Publication date: March 2019

Source: Journal of Human Evolution, Volume 128

Author(s): Adrián Pablos, Asier Gómez-Olivencia, Bruno Maureille, Trenton W. Holliday, Stéphane Madelaine, Erik Trinkaus, Christine Couture-Veschambre

Abstract

Regourdou is a well-known Middle Paleolithic site which has yielded the fossil remains of a minimum of two Neandertal individuals. The first individual (Regourdou 1) is represented by a partial skeleton while the second one is represented by a calcaneus. The foot remains of Regourdou 1 have been used in a number of comparative studies, but to date a full description and comparison of all the foot remains from the Regourdou 1 Neandertal, coming from the old excavations and from the recent reanalysis of the faunal remains, does not exist.
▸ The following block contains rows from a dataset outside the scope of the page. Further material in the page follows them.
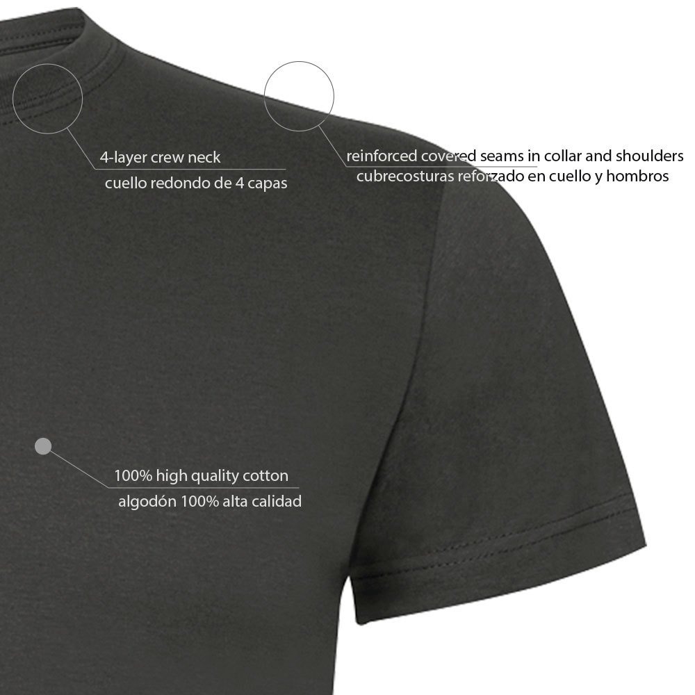 Gola redonda com 4 capas, tapa costuras reforçado na gola e ombros e costuras laterais.
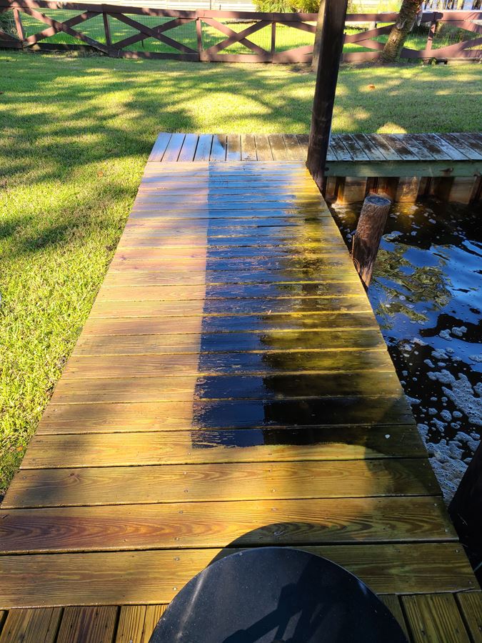 This wooden deck and dock in Niceville, FL had so much mold/mildew build up that it was very slippery and unsafe to walk on. When cleaning wooden surfaces we take a 2 step approach and thoroughly soap the areas for 5-10 minutes before pressure washing. This allows us to use much less pressure and preserve the longetivity of the wooden surface. Using our 4 nozzle surface cleaner doesn't cause any wood to fray or splinter but still cleans the surface. Impeccable Pressure Washing has expert training on washing decks and docks.
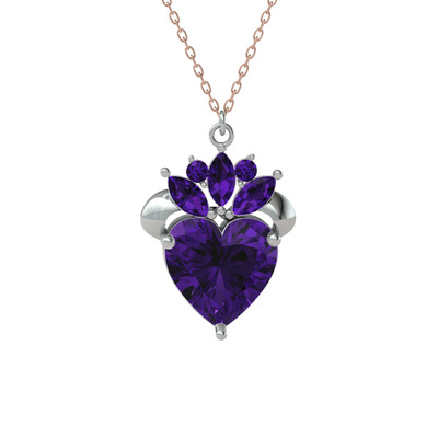Ametist 8 ayar beyaz altın kolye (40 cm gümüş rolo zincir)
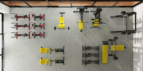 Leeres Fitnesscenter von oben mit vielen Sportgeräten
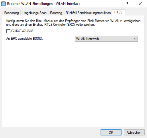- Wählen Sie hier die logische WLAN-Schnittstelle aus, die das Gerät an den ERC melden soll. Der ERC hat diese BSSID mit einem Ort "gemappt" (z. B. Serverraum) und weiß entsprechend, dass z. B. Wi‑Fi Tag "A" sich in diesem Moment im Serverraum befindet, wenn der "Blink" über die BSSID des entsprechenden APs hereinkommt.
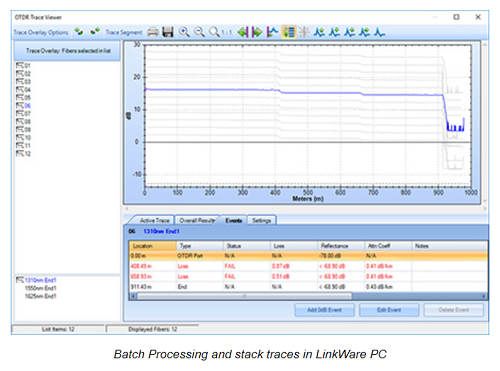 - Stackable results and batch processing of traces. When testing many identical fibers at a time, batch processing allows users to look at multiple traces and stack them to spot differences and/or batch edit events quickly.

Here, we describe and comparatively assess the Regourdou 1 tarsals, metatarsals and phalanges. They display traits observed in other Neandertal feet, which are different from some traits of the Sima de los Huesos (Atapuerca) hominins and of Middle Paleolithic, Upper Paleolithic and recent modern humans. These Neandertal features are: a rectangular talar trochlea with a large lateral malleolar facet, a broad talar head, a broad calcaneus with a projecting sustentaculum tali, a wide and wedged navicular with a projecting medial tubercle, large and wide bases of the lateral metatarsals, and mediolaterally expanded and robust phalanges that also show hallux valgus in a strongly built hallux.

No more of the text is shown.